Amegy Bank Founder Shares Success Secrets with Bauer Students

Published on April 26, 2017

Banking Executive Walter Johnson Connects with Students at Awards Ceremony

Amegy Bank Founder Walter Johnson spoke to Bauer College student leaders about determination and hard work during an award ceremony in April.

The secret to a successful life isn’t much of a secret, according to Amegy Bank founder Walter Johnson. Hard work, determination and relationships are all important, he told Bauer College student leaders recognized during an awards ceremony in April.

“If you’re going to be successful, you need to be the hardest working person in the world,” Johnson said. “When I think about what I’ve accomplished in my life, it comes down to work ethic.”
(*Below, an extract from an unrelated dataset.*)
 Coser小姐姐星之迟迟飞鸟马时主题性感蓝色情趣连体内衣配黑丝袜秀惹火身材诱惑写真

As the event’s keynote speaker, Johnson shared his personal story of humble beginnings where it didn’t seem that college was in the cards to graduating from Texas Christian University in just three years before starting a career in sales and eventually founding one of Houston’s largest banks.

Growing up, Johnson said, he watched his father hold several jobs at a time and work with his hands, helping him take apart cars and put them back together, establishing an appreciation for hard work.
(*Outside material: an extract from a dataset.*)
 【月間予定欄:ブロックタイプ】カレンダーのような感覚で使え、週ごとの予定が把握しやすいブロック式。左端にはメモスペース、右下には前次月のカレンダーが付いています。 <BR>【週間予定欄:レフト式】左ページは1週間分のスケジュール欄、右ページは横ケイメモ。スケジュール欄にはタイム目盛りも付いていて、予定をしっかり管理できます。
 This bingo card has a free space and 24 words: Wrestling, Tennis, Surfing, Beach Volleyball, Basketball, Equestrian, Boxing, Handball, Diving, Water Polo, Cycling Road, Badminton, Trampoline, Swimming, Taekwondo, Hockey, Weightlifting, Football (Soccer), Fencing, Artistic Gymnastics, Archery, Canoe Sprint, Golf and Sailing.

“I grew up the hard way,” he said. “I worked on milk trucks and paper routes, and it was a great way to grow up. You appreciate life more when you work for it.”

After graduating from college, Johnson worked as a typewriter salesman before beginning a career in banking, serving as president and CEO of Allied Bank, which he helped to build from $100 million to $5 billion in assets before it was purchased by First Interstate, which become Wells Fargo.

Over the course of his career, Johnson said, he changed paths a few times before finding his passion.

“Don’t be afraid to quit and start over,” he told the students. “If you make a mistake, correct it.”

More than 20 years ago, Johnson founded Amegy Bank alongside his wife Yvonne after personally raising $21.5 million to capitalize the bank. He took the company public in 1997 and ultimately merged it with Zions Bancorporation in 2006, netting $1.7 billion for shareholders. Today, Amegy has more than $12 billion in assets, 2,000 employees, and more than 85 branches in Houston, Dallas and San Antonio.

Johnson said he owes much of his success to the team around him, which includes Amegy President Steve Stephens, a member of the Bauer College Board.

“I have surrounded myself with self-starters,” Johnson said. “They have to be team players. We can’t be successful by ourselves.”

Success is better when it’s shared, he added, noting the importance of service and community engagement. Johnson has chaired many fundraising campaigns for Houston organizations, including Memorial Hermann Healthcare System, Star of Hope and the Boy Scouts of America, among others.

Johnson left the students with one last piece of advice — never quit learning.

“You can always improve your life. Never stop learning,” he said. “I’m 81 and have never stopped. Learning is fun. You learn from reading newspapers, meeting people, networking. You never stop.”